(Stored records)
* * * * *

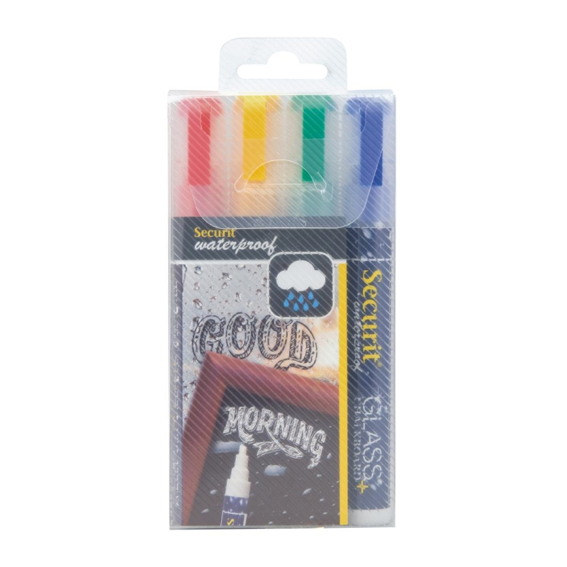 Securit Waterproof krijtstift (Glas+Krijtbord) in rood, groen, geel, blauw met 2-6mm punt (doos 4)
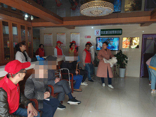 上午八时三十分,老师和同学们带着自己的礼物,步行前往浔阳区白水湖老年康乐中心。王院长和院内负责人们热情的欢迎党员教职工和同学们的到来,并为他们详细的介绍了院内情况,协同帮助开展医学知识宣传等志愿活动。
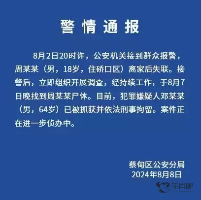 8月8日14时45分,武汉市公安局蔡甸区分局针对“18岁高三学生失联”事件发布警情通报,称失联学生周某某尸体已于7日晚找到。目前,犯罪嫌疑人邓某某(男,64岁)已被抓获并依法刑事拘留。案件正在进一步侦办中。
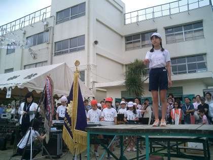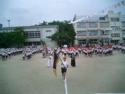 130周年記念運動会 その1 (開会式1) 公開日 2010/06/05 更新日 2010/06/05 今日のできごと 午前9時 赤組 白組がそろって入場です。 はじめのことばは1年生。みんな大きな声でしっかり言えました。 昨年度優勝の白組応援団長から優勝旗の返還 準優勝の赤組応援団長から準優勝杯が返還されました。 そのあと元気いっぱい『運動会の歌』を音楽委員会の伴奏で歌いました。旭の子どもたちの運動会にかける心意気が伝わってくる素晴らしい開会式で幕を開けました。
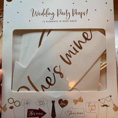 Photo props, hælbeskyttere, stillettbeskyttere (3 størrelser for ulik tykkelse på stillett, 2 farger), I do - ringboks, og skilt i kartong Mrs og Ms.

* * * * *

#### To do:
Leaving out every picture, repeat the records above exactly as they stand.

#### Answer:
 Securit Waterproof krijtstift (Glas+Krijtbord) in rood, groen, geel, blauw met 2-6mm punt (doos 4)
 上午八时三十分,老师和同学们带着自己的礼物,步行前往浔阳区白水湖老年康乐中心。王院长和院内负责人们热情的欢迎党员教职工和同学们的到来,并为他们详细的介绍了院内情况,协同帮助开展医学知识宣传等志愿活动。
 8月8日14时45分,武汉市公安局蔡甸区分局针对“18岁高三学生失联”事件发布警情通报,称失联学生周某某尸体已于7日晚找到。目前,犯罪嫌疑人邓某某(男,64岁)已被抓获并依法刑事拘留。案件正在进一步侦办中。
 130周年記念運動会 その1 (開会式1) 公開日 2010/06/05 更新日 2010/06/05 今日のできごと 午前9時 赤組 白組がそろって入場です。 はじめのことばは1年生。みんな大きな声でしっかり言えました。 昨年度優勝の白組応援団長から優勝旗の返還 準優勝の赤組応援団長から準優勝杯が返還されました。 そのあと元気いっぱい『運動会の歌』を音楽委員会の伴奏で歌いました。旭の子どもたちの運動会にかける心意気が伝わってくる素晴らしい開会式で幕を開けました。
 Photo props, hælbeskyttere, stillettbeskyttere (3 størrelser for ulik tykkelse på stillett, 2 farger), I do - ringboks, og skilt i kartong Mrs og Ms.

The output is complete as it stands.